How to complete this task:
When writing out the entries below, keep only the lines from the line with "El Ministerio de" to the line with "A flock of migrating", both included, exactly as they are, and leave the pictures aside.

Material to process:

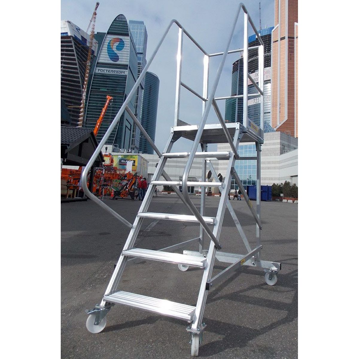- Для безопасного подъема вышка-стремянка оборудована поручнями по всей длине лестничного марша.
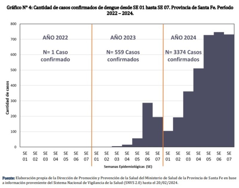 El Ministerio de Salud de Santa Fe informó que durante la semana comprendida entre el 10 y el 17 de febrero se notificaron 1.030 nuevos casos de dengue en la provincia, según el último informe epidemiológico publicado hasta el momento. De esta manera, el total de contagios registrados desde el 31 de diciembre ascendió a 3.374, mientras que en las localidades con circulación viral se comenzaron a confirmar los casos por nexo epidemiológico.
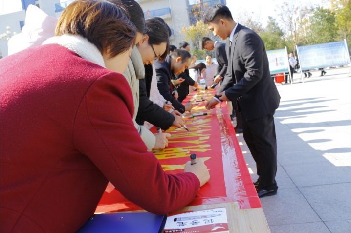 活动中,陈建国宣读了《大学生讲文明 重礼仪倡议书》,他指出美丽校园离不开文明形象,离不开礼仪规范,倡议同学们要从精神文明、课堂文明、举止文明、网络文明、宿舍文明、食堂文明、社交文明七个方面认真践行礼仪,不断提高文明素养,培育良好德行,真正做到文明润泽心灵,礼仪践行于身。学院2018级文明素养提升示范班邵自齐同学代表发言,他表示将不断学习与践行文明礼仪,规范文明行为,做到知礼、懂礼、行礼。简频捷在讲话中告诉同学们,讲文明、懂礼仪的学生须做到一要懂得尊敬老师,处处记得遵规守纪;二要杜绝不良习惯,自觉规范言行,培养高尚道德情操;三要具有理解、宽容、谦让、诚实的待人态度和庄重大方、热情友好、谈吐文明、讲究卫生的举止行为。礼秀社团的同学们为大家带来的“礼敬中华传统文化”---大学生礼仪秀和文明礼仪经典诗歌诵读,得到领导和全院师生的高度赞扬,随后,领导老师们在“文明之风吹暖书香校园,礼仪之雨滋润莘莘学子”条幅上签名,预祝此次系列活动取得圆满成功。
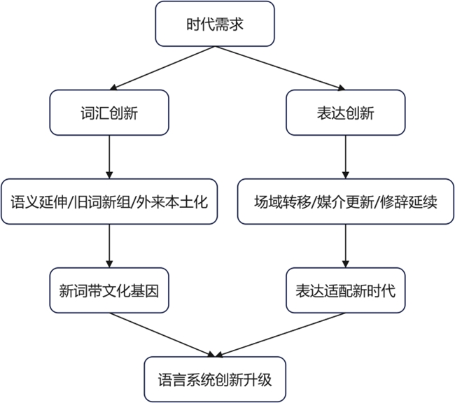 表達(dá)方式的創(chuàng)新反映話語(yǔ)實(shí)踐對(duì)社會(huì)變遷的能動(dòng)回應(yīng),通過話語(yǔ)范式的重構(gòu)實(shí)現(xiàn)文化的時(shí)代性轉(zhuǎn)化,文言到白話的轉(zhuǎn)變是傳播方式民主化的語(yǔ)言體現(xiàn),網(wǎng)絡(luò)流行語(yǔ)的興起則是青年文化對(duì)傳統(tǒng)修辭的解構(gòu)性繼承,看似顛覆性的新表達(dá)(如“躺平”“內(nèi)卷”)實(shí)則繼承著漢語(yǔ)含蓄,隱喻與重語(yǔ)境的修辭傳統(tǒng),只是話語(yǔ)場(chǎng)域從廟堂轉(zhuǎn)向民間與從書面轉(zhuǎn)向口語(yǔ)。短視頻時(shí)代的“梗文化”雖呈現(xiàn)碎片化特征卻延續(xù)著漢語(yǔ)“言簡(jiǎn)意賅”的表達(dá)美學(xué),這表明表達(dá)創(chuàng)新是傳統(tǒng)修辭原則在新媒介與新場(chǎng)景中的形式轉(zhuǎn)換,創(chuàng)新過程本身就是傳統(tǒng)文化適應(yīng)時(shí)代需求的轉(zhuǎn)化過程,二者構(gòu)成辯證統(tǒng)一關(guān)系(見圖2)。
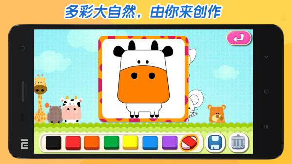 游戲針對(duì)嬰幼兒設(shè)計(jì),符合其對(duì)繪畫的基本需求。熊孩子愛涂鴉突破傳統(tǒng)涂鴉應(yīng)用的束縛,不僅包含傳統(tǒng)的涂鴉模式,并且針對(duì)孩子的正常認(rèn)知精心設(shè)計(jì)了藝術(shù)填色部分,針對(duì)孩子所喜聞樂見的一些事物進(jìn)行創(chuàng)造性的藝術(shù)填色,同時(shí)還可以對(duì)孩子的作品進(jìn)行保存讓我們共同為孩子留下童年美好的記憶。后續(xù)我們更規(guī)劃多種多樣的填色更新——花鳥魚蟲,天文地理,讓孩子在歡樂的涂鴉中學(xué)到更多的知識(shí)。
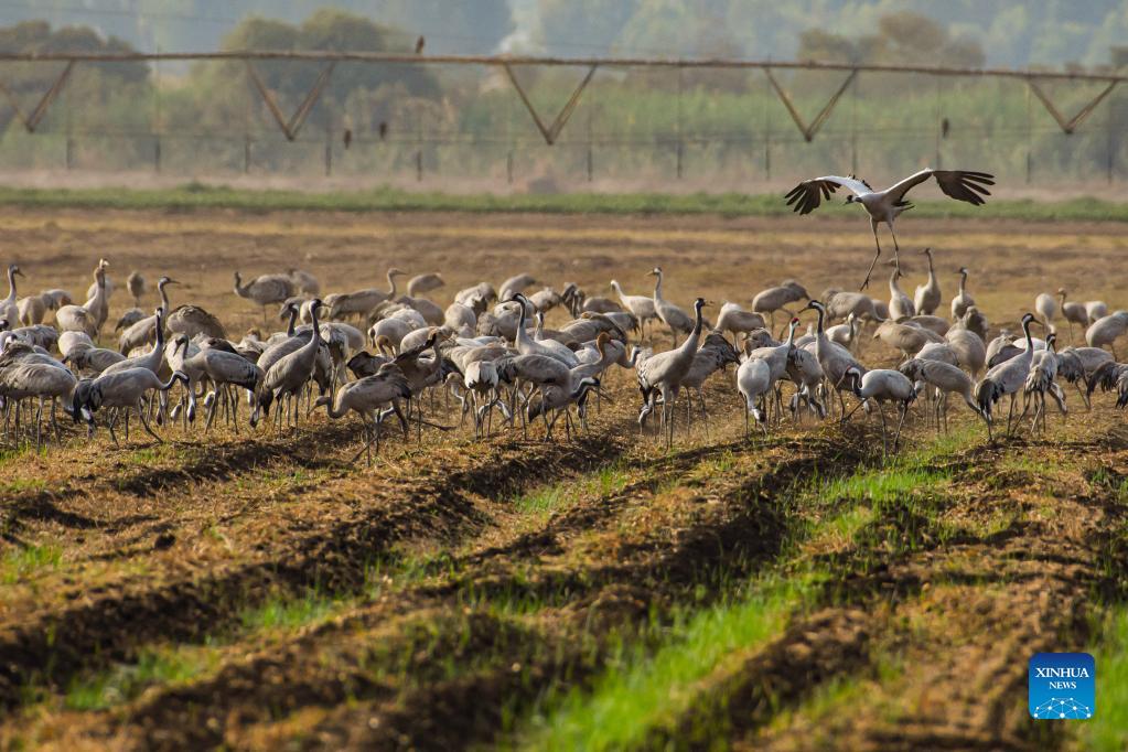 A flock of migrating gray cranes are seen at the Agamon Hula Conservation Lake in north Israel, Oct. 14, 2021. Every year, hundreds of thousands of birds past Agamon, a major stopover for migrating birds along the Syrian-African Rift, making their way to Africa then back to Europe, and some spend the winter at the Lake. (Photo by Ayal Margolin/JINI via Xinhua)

---

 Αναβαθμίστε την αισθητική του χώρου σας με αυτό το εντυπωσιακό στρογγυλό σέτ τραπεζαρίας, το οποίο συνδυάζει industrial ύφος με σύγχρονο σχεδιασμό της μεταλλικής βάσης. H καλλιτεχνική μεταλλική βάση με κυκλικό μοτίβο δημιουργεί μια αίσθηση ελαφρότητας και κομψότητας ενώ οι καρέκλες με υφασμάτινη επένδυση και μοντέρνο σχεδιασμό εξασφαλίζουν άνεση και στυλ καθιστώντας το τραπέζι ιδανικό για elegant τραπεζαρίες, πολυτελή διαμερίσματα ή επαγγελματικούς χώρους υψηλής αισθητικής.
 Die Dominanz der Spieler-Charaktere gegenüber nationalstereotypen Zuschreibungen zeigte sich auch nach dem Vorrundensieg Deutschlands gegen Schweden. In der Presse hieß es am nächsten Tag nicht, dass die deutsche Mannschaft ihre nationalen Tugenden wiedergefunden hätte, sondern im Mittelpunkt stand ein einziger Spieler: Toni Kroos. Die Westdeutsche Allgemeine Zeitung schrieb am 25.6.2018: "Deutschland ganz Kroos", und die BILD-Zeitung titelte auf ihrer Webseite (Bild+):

Output for this exercise:
 El Ministerio de Salud de Santa Fe informó que durante la semana comprendida entre el 10 y el 17 de febrero se notificaron 1.030 nuevos casos de dengue en la provincia, según el último informe epidemiológico publicado hasta el momento. De esta manera, el total de contagios registrados desde el 31 de diciembre ascendió a 3.374, mientras que en las localidades con circulación viral se comenzaron a confirmar los casos por nexo epidemiológico.
 活动中,陈建国宣读了《大学生讲文明 重礼仪倡议书》,他指出美丽校园离不开文明形象,离不开礼仪规范,倡议同学们要从精神文明、课堂文明、举止文明、网络文明、宿舍文明、食堂文明、社交文明七个方面认真践行礼仪,不断提高文明素养,培育良好德行,真正做到文明润泽心灵,礼仪践行于身。学院2018级文明素养提升示范班邵自齐同学代表发言,他表示将不断学习与践行文明礼仪,规范文明行为,做到知礼、懂礼、行礼。简频捷在讲话中告诉同学们,讲文明、懂礼仪的学生须做到一要懂得尊敬老师,处处记得遵规守纪;二要杜绝不良习惯,自觉规范言行,培养高尚道德情操;三要具有理解、宽容、谦让、诚实的待人态度和庄重大方、热情友好、谈吐文明、讲究卫生的举止行为。礼秀社团的同学们为大家带来的“礼敬中华传统文化”---大学生礼仪秀和文明礼仪经典诗歌诵读,得到领导和全院师生的高度赞扬,随后,领导老师们在“文明之风吹暖书香校园,礼仪之雨滋润莘莘学子”条幅上签名,预祝此次系列活动取得圆满成功。
 表達(dá)方式的創(chuàng)新反映話語(yǔ)實(shí)踐對(duì)社會(huì)變遷的能動(dòng)回應(yīng),通過話語(yǔ)范式的重構(gòu)實(shí)現(xiàn)文化的時(shí)代性轉(zhuǎn)化,文言到白話的轉(zhuǎn)變是傳播方式民主化的語(yǔ)言體現(xiàn),網(wǎng)絡(luò)流行語(yǔ)的興起則是青年文化對(duì)傳統(tǒng)修辭的解構(gòu)性繼承,看似顛覆性的新表達(dá)(如“躺平”“內(nèi)卷”)實(shí)則繼承著漢語(yǔ)含蓄,隱喻與重語(yǔ)境的修辭傳統(tǒng),只是話語(yǔ)場(chǎng)域從廟堂轉(zhuǎn)向民間與從書面轉(zhuǎn)向口語(yǔ)。短視頻時(shí)代的“梗文化”雖呈現(xiàn)碎片化特征卻延續(xù)著漢語(yǔ)“言簡(jiǎn)意賅”的表達(dá)美學(xué),這表明表達(dá)創(chuàng)新是傳統(tǒng)修辭原則在新媒介與新場(chǎng)景中的形式轉(zhuǎn)換,創(chuàng)新過程本身就是傳統(tǒng)文化適應(yīng)時(shí)代需求的轉(zhuǎn)化過程,二者構(gòu)成辯證統(tǒng)一關(guān)系(見圖2)。
 游戲針對(duì)嬰幼兒設(shè)計(jì),符合其對(duì)繪畫的基本需求。熊孩子愛涂鴉突破傳統(tǒng)涂鴉應(yīng)用的束縛,不僅包含傳統(tǒng)的涂鴉模式,并且針對(duì)孩子的正常認(rèn)知精心設(shè)計(jì)了藝術(shù)填色部分,針對(duì)孩子所喜聞樂見的一些事物進(jìn)行創(chuàng)造性的藝術(shù)填色,同時(shí)還可以對(duì)孩子的作品進(jìn)行保存讓我們共同為孩子留下童年美好的記憶。后續(xù)我們更規(guī)劃多種多樣的填色更新——花鳥魚蟲,天文地理,讓孩子在歡樂的涂鴉中學(xué)到更多的知識(shí)。
 A flock of migrating gray cranes are seen at the Agamon Hula Conservation Lake in north Israel, Oct. 14, 2021. Every year, hundreds of thousands of birds past Agamon, a major stopover for migrating birds along the Syrian-African Rift, making their way to Africa then back to Europe, and some spend the winter at the Lake. (Photo by Ayal Margolin/JINI via Xinhua)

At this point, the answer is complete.